Data shown |

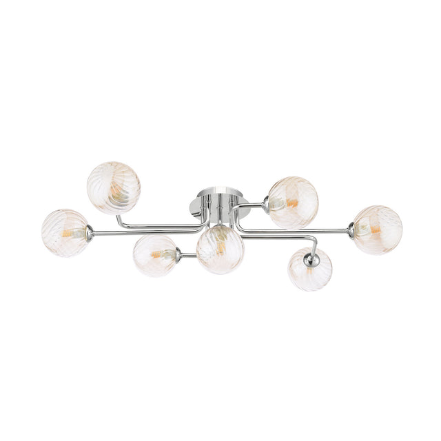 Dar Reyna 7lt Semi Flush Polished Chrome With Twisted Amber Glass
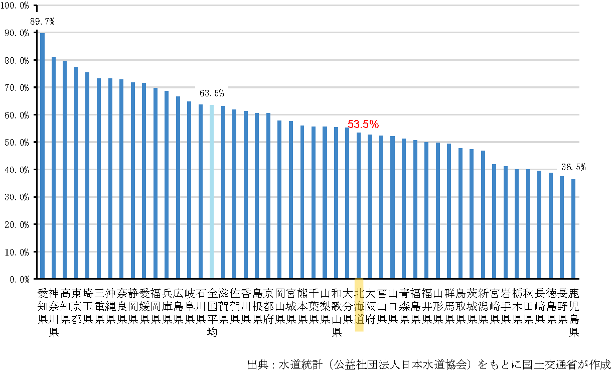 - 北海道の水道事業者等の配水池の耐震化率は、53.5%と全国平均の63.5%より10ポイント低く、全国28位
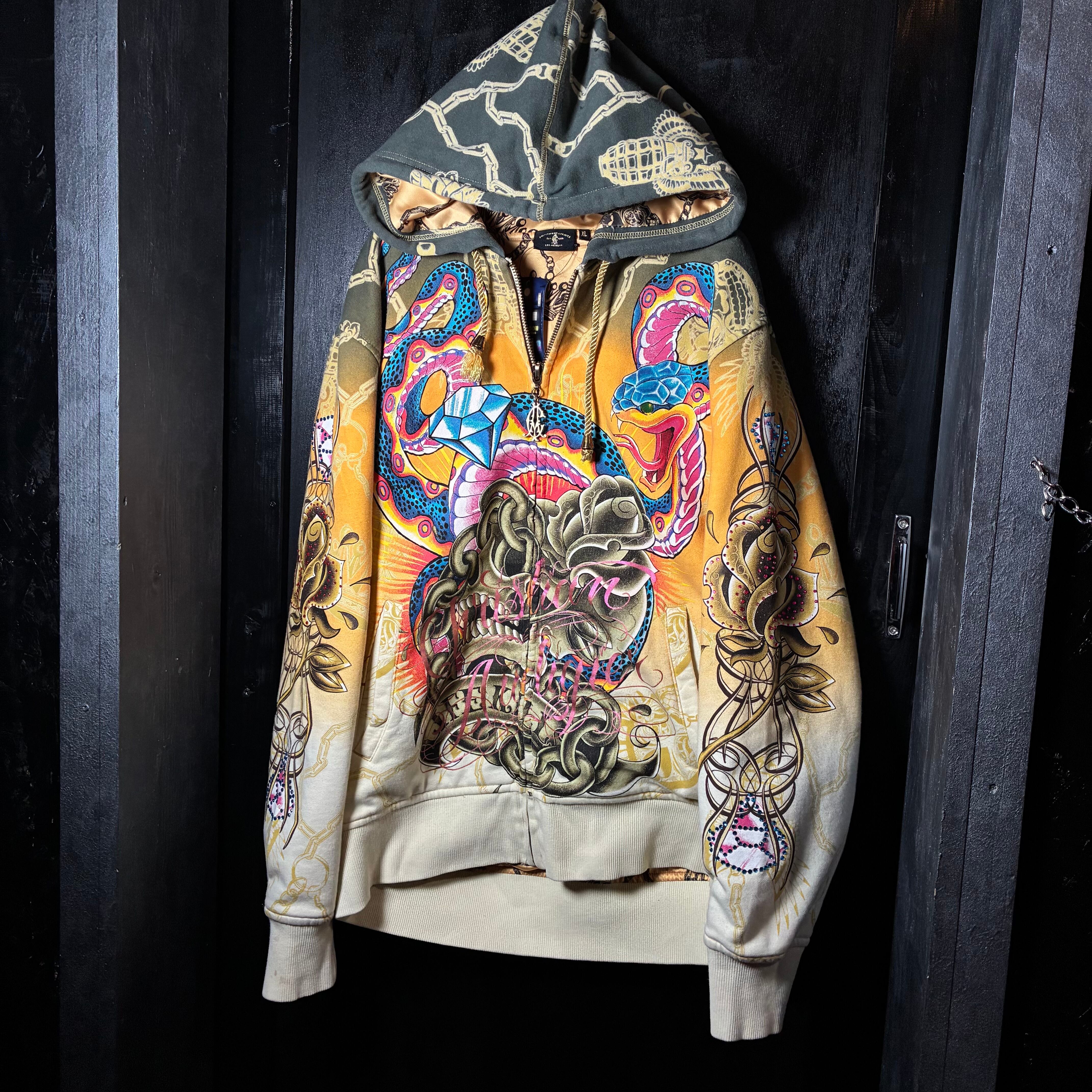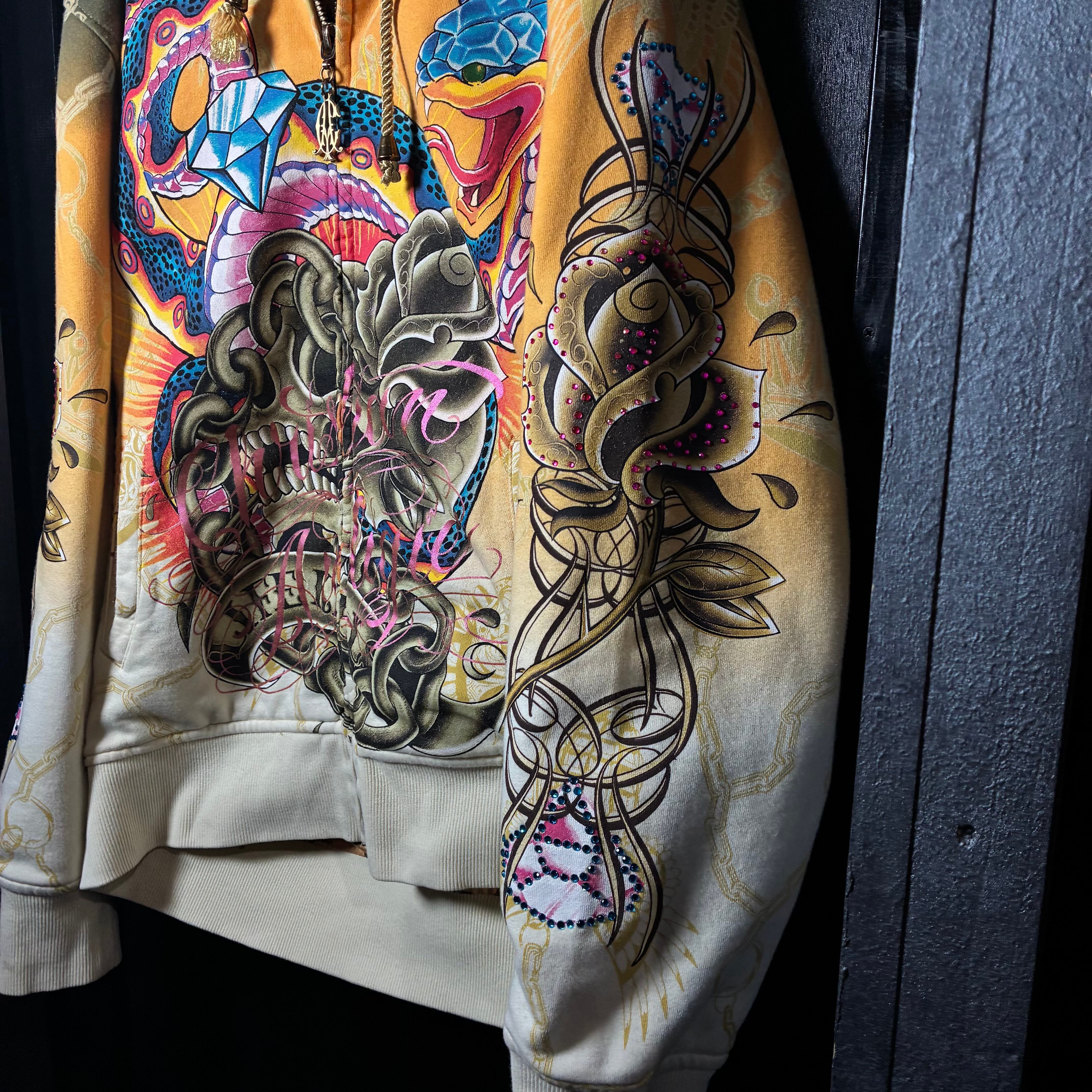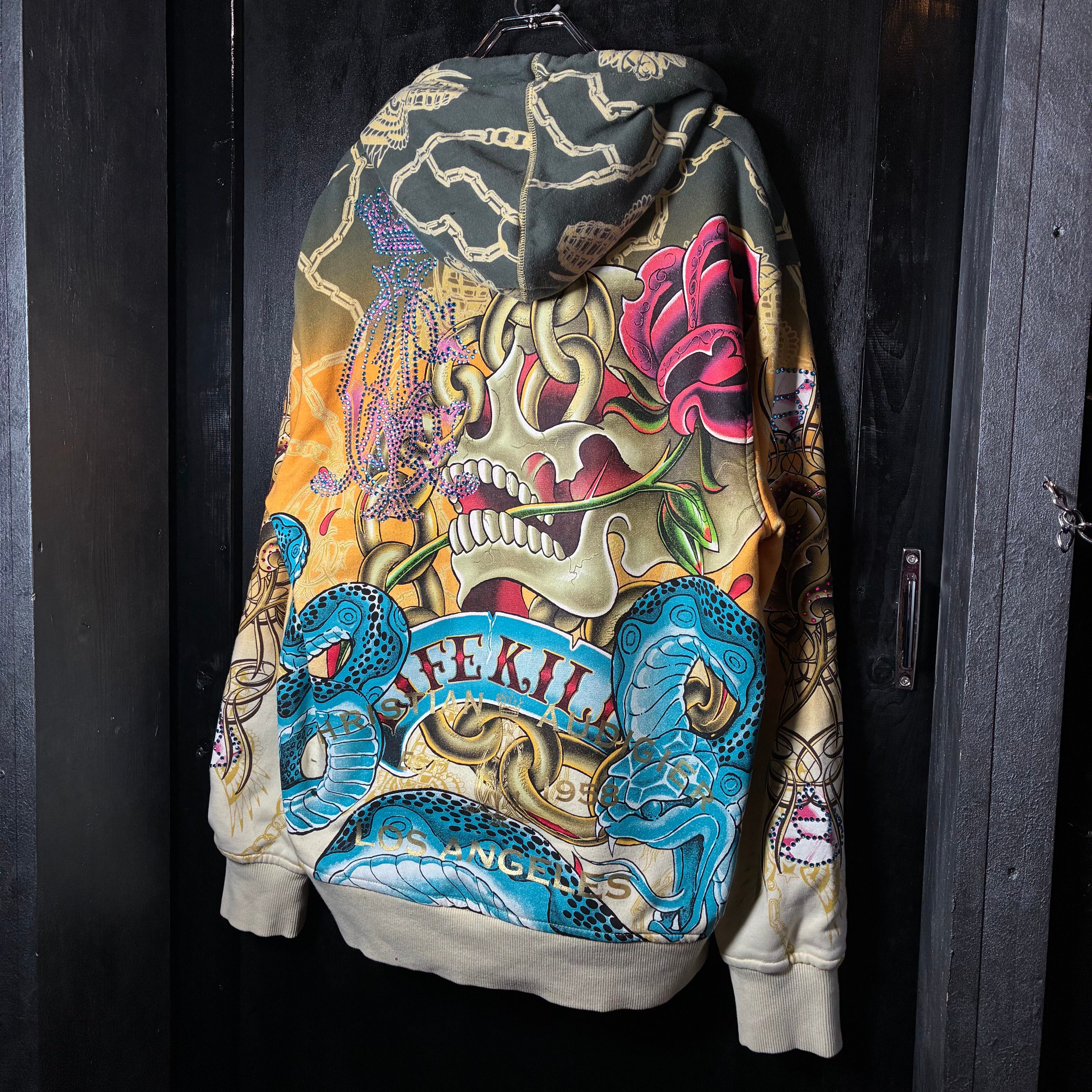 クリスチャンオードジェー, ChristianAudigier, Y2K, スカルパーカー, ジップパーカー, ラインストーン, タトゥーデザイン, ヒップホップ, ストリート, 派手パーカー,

Directions for this task |
Exactly as written, restate all of the data, leaving out the images.

Finished task |
 Dar Reyna 7lt Semi Flush Polished Chrome With Twisted Amber Glass
 - 北海道の水道事業者等の配水池の耐震化率は、53.5%と全国平均の63.5%より10ポイント低く、全国28位
 クリスチャンオードジェー, ChristianAudigier, Y2K, スカルパーカー, ジップパーカー, ラインストーン, タトゥーデザイン, ヒップホップ, ストリート, 派手パーカー,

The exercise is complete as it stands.